Start of Block

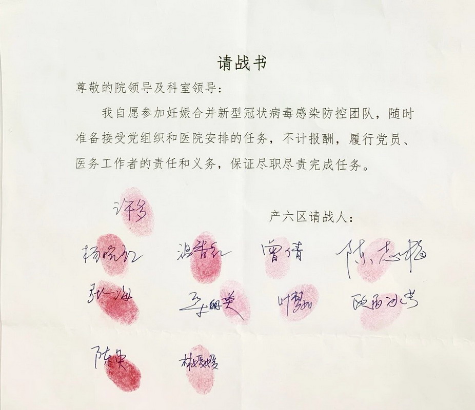 面對(duì)疫情,黨員干部紛紛向科室提交請(qǐng)戰(zhàn)書并莊嚴(yán)宣誓,志愿參加疫情防控的阻擊戰(zhàn)。產(chǎn)科共收到200多份請(qǐng)戰(zhàn)書,特別是有三名孕婦請(qǐng)纓,令人動(dòng)容。請(qǐng)戰(zhàn)人員組成了三個(gè)防控梯隊(duì),為醫(yī)院妊娠合并新型冠狀病毒感染防控奠定了強(qiáng)大的人力資源保障。
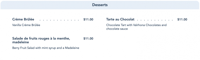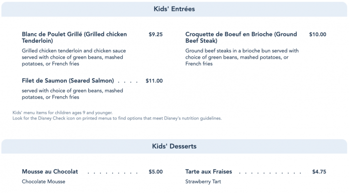 The Kids’ Menu has also changed slightly ahead of Chefs de France’s reopening. The Pâtes au Jambon et Fromage (Pasta with Ham) was removed from the Kids’ Entree selections, and the Dessert menu was updated by REMOVING Choix de Glace ou Sorbert (Ice Cream or Sorbet), Biscuit au Chocolat (Chocolate Chip Cookie), and Yaourt aux Fruits Rouge (Lowfat Yogurt) and ADDING Mousse au Chocolate (Chocolate Mousse) and Tarte aux Fraises (Strawberry Tart).
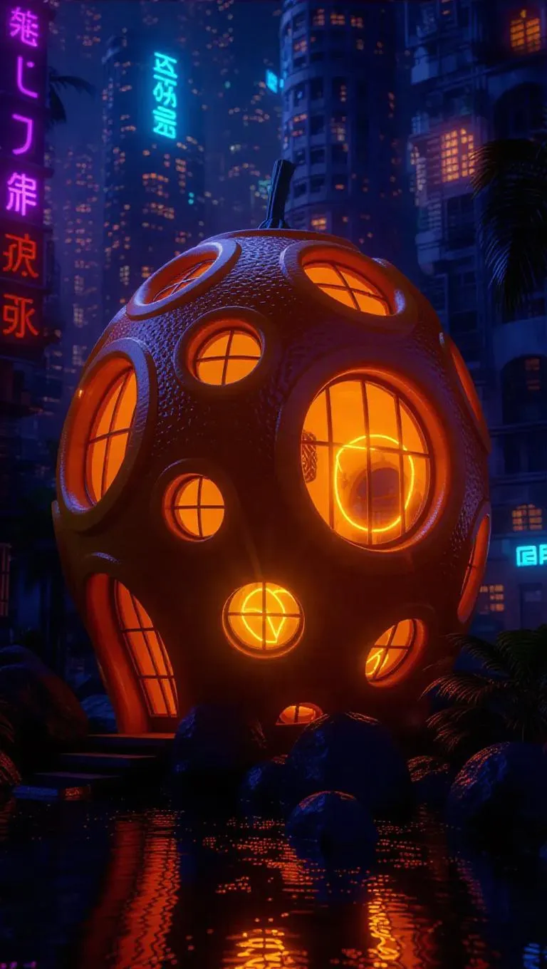 A whimsical house intricately carved from a giant orange, windows glowing warmly at night, surrounded by a futuristic cityscape, with neon lights and a pulsing energy adding to the vibrant ambiance
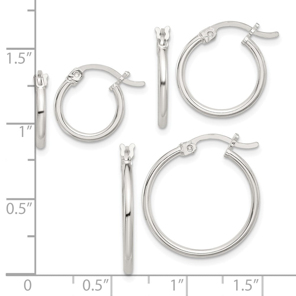 Sterling Silver Rhodium-plated Polished Set of 3 Hoop Earring Set
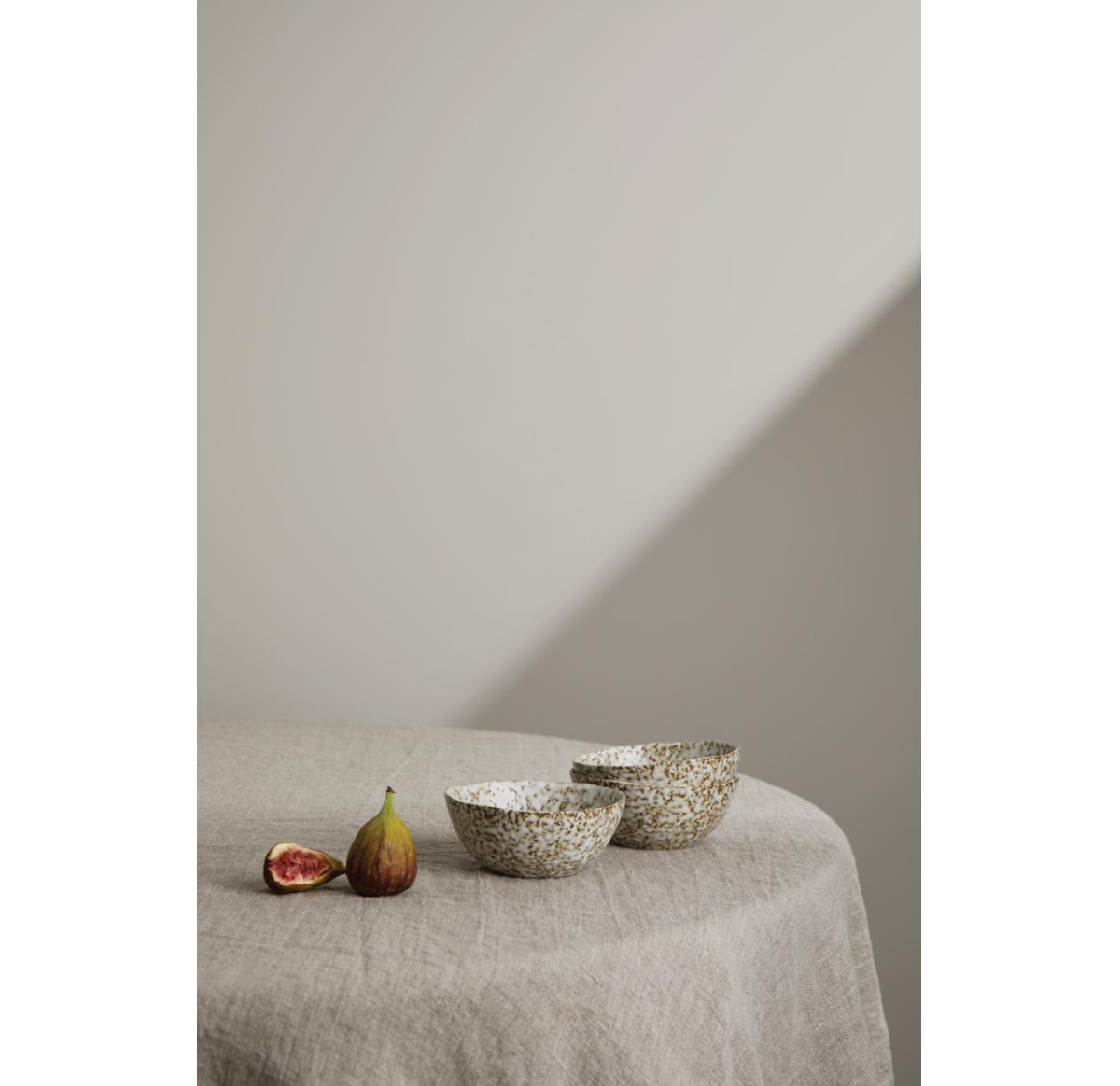 Three-piece stoneware bowl. With its unique, organic uneven shapes and hand-glazed finish, each piece is one-of-a-kind and sure to impress your guests. Crafted from durable stoneware, it is designed to last and withstand the wear and tear of daily use. These bowls are dishwasher-safe for easy cleaning and maintenance. Not suitable for use in the microwave or oven.
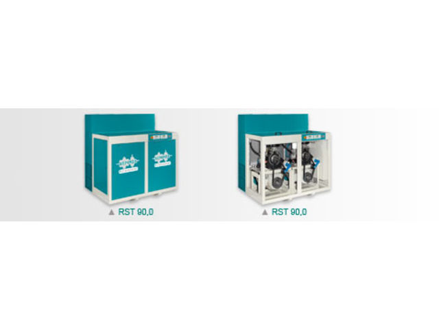Die Anlagen bestehen aus jeweils zwei identischen Verdichter-Einheiten mit separaten Antriebsmotoren und getrennten Kühlern, integriert in einer gemeinsamen Schalldämmbox.
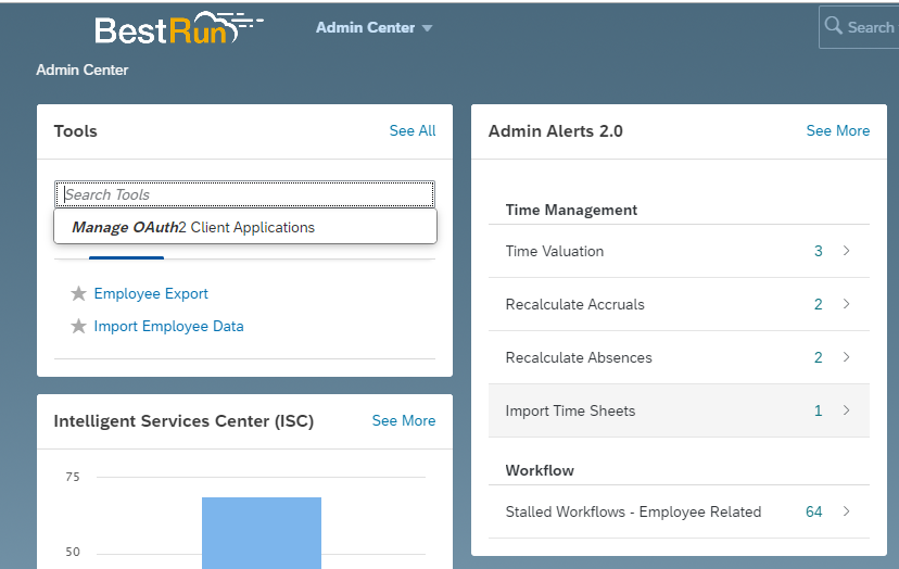 - Log into SAP Success Factors and go to Admin Center. In the Tools box, search and go to Manage OAuth2 Client Applications.

End of Block

> **WHAT NEEDS TO BE DONE**
The line containing "Sterling Silver Rhodium-plated" and every line after it, up to the last line of the data, should be returned exactly, without the pictures.

> **WRITTEN ANSWER**
 Sterling Silver Rhodium-plated Polished Set of 3 Hoop Earring Set
 Three-piece stoneware bowl. With its unique, organic uneven shapes and hand-glazed finish, each piece is one-of-a-kind and sure to impress your guests. Crafted from durable stoneware, it is designed to last and withstand the wear and tear of daily use. These bowls are dishwasher-safe for easy cleaning and maintenance. Not suitable for use in the microwave or oven.
Die Anlagen bestehen aus jeweils zwei identischen Verdichter-Einheiten mit separaten Antriebsmotoren und getrennten Kühlern, integriert in einer gemeinsamen Schalldämmbox.
 - Log into SAP Success Factors and go to Admin Center. In the Tools box, search and go to Manage OAuth2 Client Applications.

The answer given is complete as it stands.